What you have to do – When the listing below reaches the line that has "First floor apartment", start reproducing exactly; stop after the line that has "作词 : 巨礁Focus/-Gwen |", and drop the pictures.

[Provided records — start]

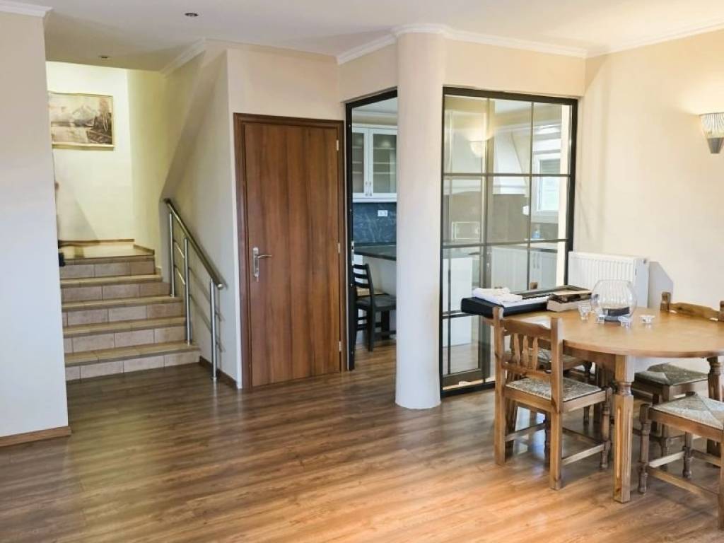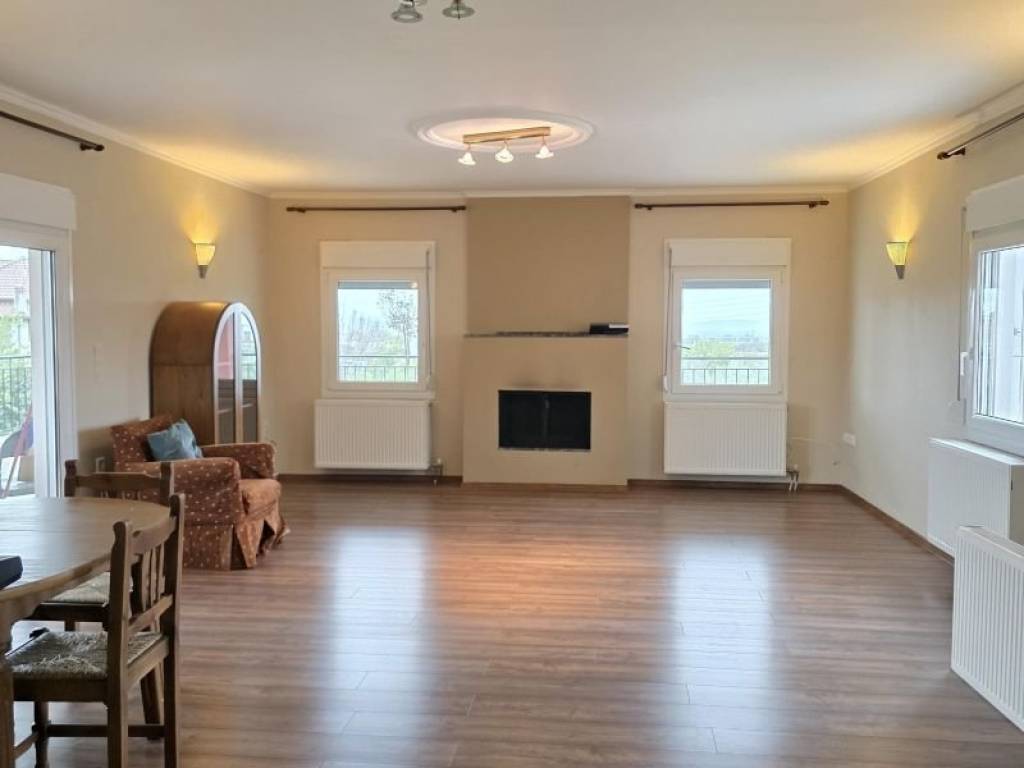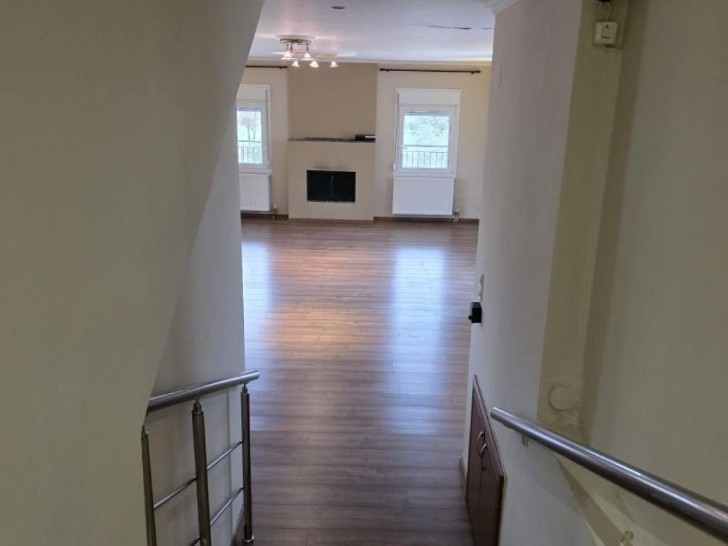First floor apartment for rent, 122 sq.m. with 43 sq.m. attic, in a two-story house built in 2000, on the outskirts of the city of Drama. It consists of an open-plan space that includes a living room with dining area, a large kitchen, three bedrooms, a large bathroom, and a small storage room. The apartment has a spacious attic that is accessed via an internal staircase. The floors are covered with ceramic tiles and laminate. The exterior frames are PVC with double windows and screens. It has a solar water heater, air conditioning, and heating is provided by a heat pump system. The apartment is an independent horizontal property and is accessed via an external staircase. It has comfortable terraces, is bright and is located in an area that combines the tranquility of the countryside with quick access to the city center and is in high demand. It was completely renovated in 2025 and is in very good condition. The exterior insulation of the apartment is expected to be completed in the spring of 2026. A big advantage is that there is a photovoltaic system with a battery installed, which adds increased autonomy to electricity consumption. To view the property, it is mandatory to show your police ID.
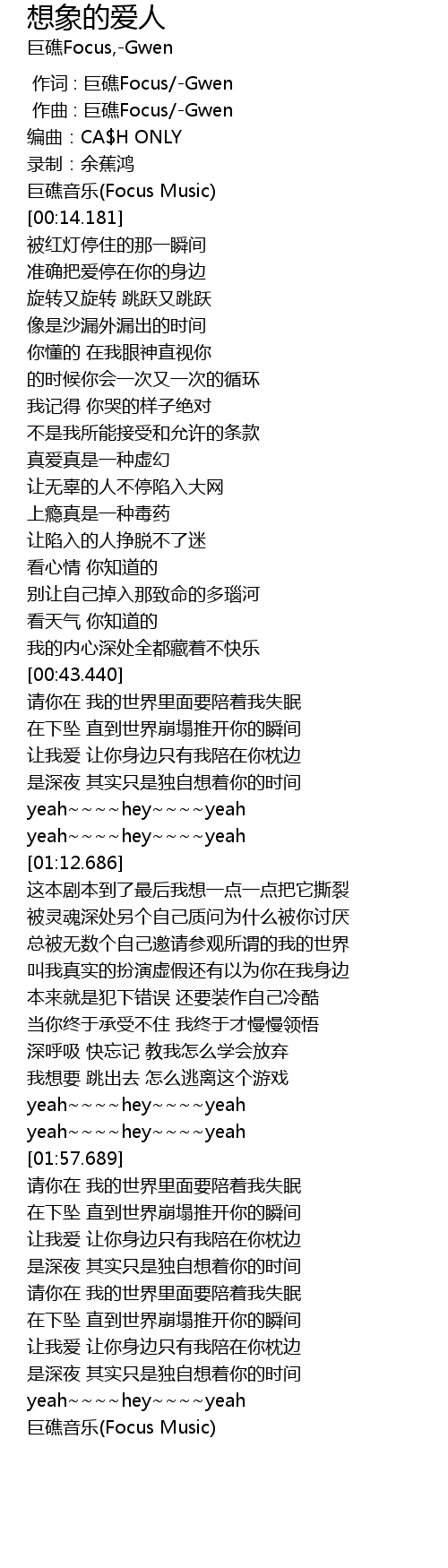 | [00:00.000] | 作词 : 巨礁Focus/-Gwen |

[Provided records — finish]
[Provided records — start]

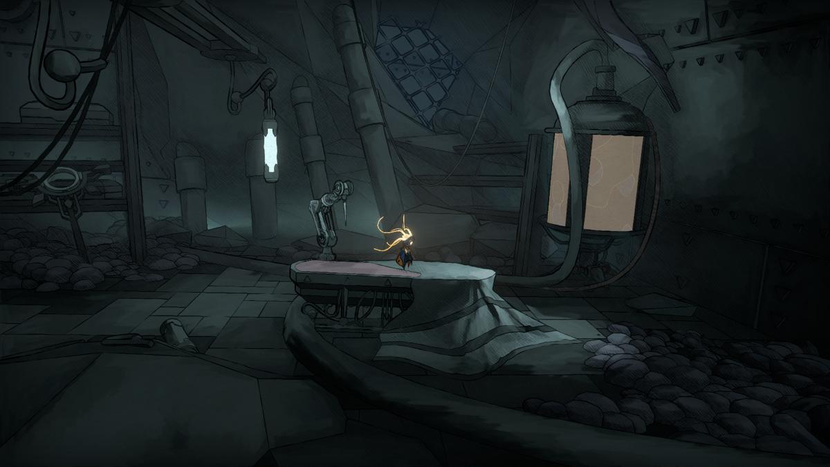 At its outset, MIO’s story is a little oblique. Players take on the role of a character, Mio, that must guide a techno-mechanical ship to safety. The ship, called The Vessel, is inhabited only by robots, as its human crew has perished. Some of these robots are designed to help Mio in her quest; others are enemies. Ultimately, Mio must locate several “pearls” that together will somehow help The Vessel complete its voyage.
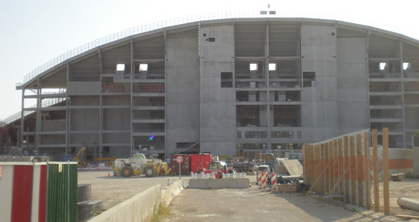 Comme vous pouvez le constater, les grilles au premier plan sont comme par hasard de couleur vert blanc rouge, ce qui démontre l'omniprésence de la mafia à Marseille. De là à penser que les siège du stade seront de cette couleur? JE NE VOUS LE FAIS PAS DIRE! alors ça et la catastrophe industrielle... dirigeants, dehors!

[Provided records — finish]

Result of the exercise –
First floor apartment for rent, 122 sq.m. with 43 sq.m. attic, in a two-story house built in 2000, on the outskirts of the city of Drama. It consists of an open-plan space that includes a living room with dining area, a large kitchen, three bedrooms, a large bathroom, and a small storage room. The apartment has a spacious attic that is accessed via an internal staircase. The floors are covered with ceramic tiles and laminate. The exterior frames are PVC with double windows and screens. It has a solar water heater, air conditioning, and heating is provided by a heat pump system. The apartment is an independent horizontal property and is accessed via an external staircase. It has comfortable terraces, is bright and is located in an area that combines the tranquility of the countryside with quick access to the city center and is in high demand. It was completely renovated in 2025 and is in very good condition. The exterior insulation of the apartment is expected to be completed in the spring of 2026. A big advantage is that there is a photovoltaic system with a battery installed, which adds increased autonomy to electricity consumption. To view the property, it is mandatory to show your police ID.
 | [00:00.000] | 作词 : 巨礁Focus/-Gwen |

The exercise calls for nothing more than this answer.